1 x 10 at 55% of 1 rep max
1 x 8 at 60% of 1 rep max
1 x 6 at 65% of 1 rep max
1 x 4 at 70% of 1 rep max
Every minute on the minute for 12 Minutes
Odd minutes = Pull ups
Even minutes = Handstand push ups
Post loads to comments or BTWB
Today we will deviate from the normal video with suggestions and do a quick “HOW MY SHOULDER WORKS” session. Sometimes, when we understand the inner-workings of something such as our shoulder, we can better nail down how to treat it. Here is a little exerpt from an article on the Breaking Muscle blog entitled “WHY DO I KEEP JACKING UP MY SHOULDER?” – Meghan Rovig (you can see the full article here)
“In the two years I’ve been coaching and CrossFitting, I’ve seen biceps tendonitis, rotator cuff tears, and labral tears. These injuries are not always mutually exclusive. The structures are housed closely together and dysfunction in one affects function in the other.
A little anatomy lesson of the shoulder: (refer to picture above) The biceps tendon courses through the subacromial space. This is an area made up of the head of the humerus (upper arm bone) and the acromial process of the scapula (shoulder blade). There are four muscles that make up the rotator cuff: supraspinatus, infraspinatus, teres minor, and subscapularis. The supraspinatus courses through the subacromial space along with the biceps tendon and the subacromial bursa.

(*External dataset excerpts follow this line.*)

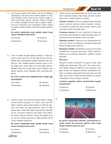 4. Ne roman bir toplum bilim kitabı ne de şiir bir doğrular 7. Yazarın duygu veya düşüncelerini ya da bir olayı anla-
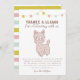 Tack för att du har ett lamatchdusch tack vare ett tecknad-stil-kort med en lama med rosa kinder med färgstarka ljus högst upp. Standardmeddelandet tackar gästerna för att de närvarar vid babyduschen och för presenten. Texten på toppen säger: "Tack Llama för att du firar med oss." Designad för både flicka och pojke dusch.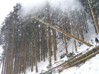230年ともなると、雪の重みに耐えられなくなり、斜めになったり、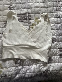 White Ribbed V-Neck Crop Top β Size Medium $2Moreno Valley, CA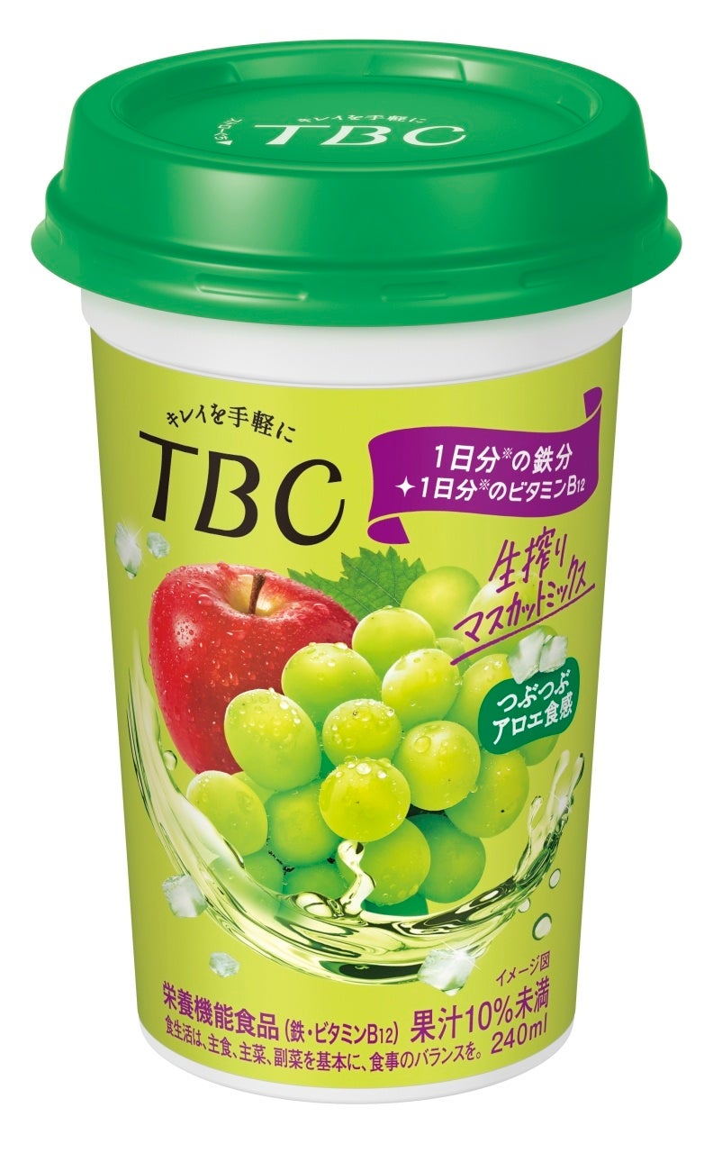 「TBC 生搾りマスカットミックス」は、普段の食事では必要量を摂取しにくい、1日分の※鉄分とビタミンB12がまとめて摂れるドリンクです。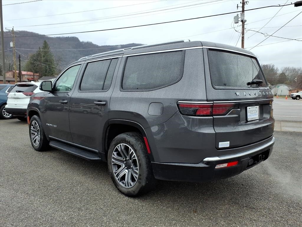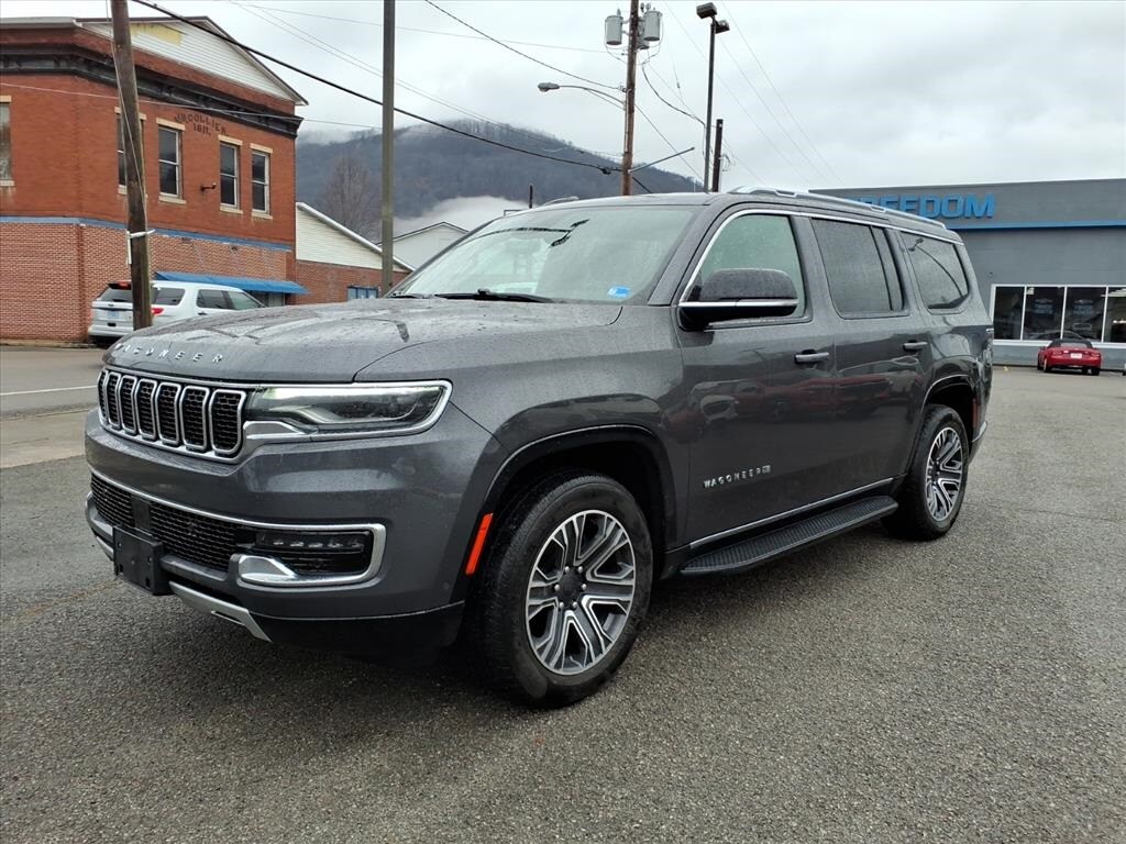 *CLEAN VEHICLE HISTORY REPORT*, *ONE OWNER*, *4X4*, *REARVIEW CAMERA*, *BLUETOOTH*, *NAVIGATION*, *USB PORT*, *BLIND SPOT MONITOR*, *PRE COLLISION SYSTEM*, *LANE KEEP/DEPARTURE ASSIST*, *APPLE CARPLAY/ANDROID AUTO*, *XM RADIO*, *REAR ENTERTAINMENT/DVD*, *3RD ROW SEATING 7 PASS*, *LEATHER*, *HEATED/COOLED PERFORATED LEATHER*, 10 Speakers, 3.55 Rear Axle Ratio, 3rd row seats: bench, Adjustable pedals, Alloy wheels, AM/FM radio: SiriusXM with 360L, Apple CarPlay/Android Auto, Auto-dimming door mirrors, Auto-dimming Rear-View mirror, Auto-leveling suspension, Brake assist, Bumpers: body-color, Driver vanity mirror, Electronic Stability Control, Emergency communication system: Wagoneer Connect, Exterior Parking Camera Rear, Front Bucket Seats, Front fog lights, Front reading lights, Fully automatic headlights, Garage door transmitter, Genuine wood console insert, Genuine wood dashboard insert, Genuine wood door panel insert, Heated door mirrors, Heated front seats, Heated rear seats, Heated steering wheel, Illuminated entry, Leather Trimmed Bucket Seats, Memory seat, Navigation System, Panic alarm, Passenger door bin, Passenger seat mounted armrest, Pedal memory, Power adjustable front head restraints, Power door mirrors, Power driver seat, Power Liftgate, Quick Order Package 25J, Radio: Uconnect 5 Nav w/10.1" Display, Rain sensing wipers, Rear seat center armrest, Rear window wiper, Reclining 3rd row seat, Remote keyless entry, Speed control, Speed-Sensitive Wipers, Steering wheel memory, Steering wheel mounted audio controls, Tachometer, Telescoping steering wheel, Tilt steering wheel, Traction control, Turn signal indicator mirrors, Ventilated front seats, Voltmeter, Wheels: 20" x 9.0" Premium 2 Aluminum.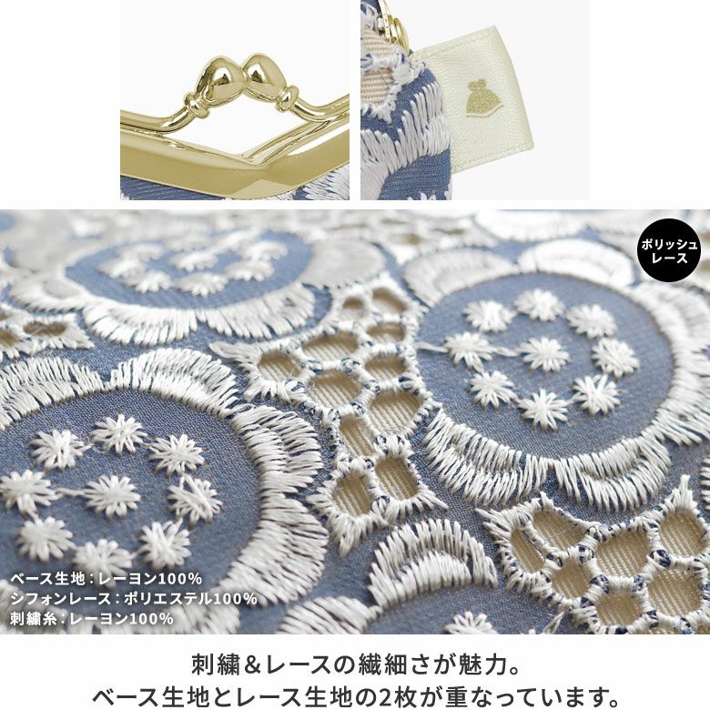 ポリッシュレース:刺繍&レースの繊細さが魅力。ベース生地とレース生地の2枚が重なっています。 繊細なレース使いが上品で可憐なイメージのポリッシュレースシリーズ。おめかしスタイルやパーティーシーンに合わせてもgood。お友達やお母さんへのプレゼントにもピッタリです。

If the thoracic spine doesn’t have good mobility, the scapula then cannot be in correct mechanical position. Often, the scapula tilts forward, thereby closing down the subacromial space, creating impingement. This impingement causes the biceps tendon, supraspinatus tendon, and subacromial bursa to be inflamed. Add overhead motion to it, like push press or a kipping movement, and you’ve got yourself one pissed off shoulder joint.
The labrum is not forgotten in this dance of shoulder movement and mobility. It is the site of attachment of the long head of the biceps tendon. Often injured in overhead throwing athletes, the labrum’s purpose is to provide additional stability to the shoulder joint, with the assistance from the rotator cuff muscles. When the cuff is weak, the biceps tendon and labrum will take up the slack, attempting to provide additional stability. When the rotator cuff is already weak, and then gets fatigued with a kipping movement, the labrum takes over. Because of it’s low tensile strength, something has to give. If the rotator cuff doesn’t, the labrum will.
So, there are multiple reasons why you keep f’ing up your shoulder. The first steps toward rehabilitation are rest from the aggravating movement and re-evaluating your form. If you have a good CrossFit coach, talk to him or her about your form, and ask to be watched in a workout. Many of my athletes look technically sound during technique practice, but then it all goes to crap when the WOD is on and sh*t hits the fan.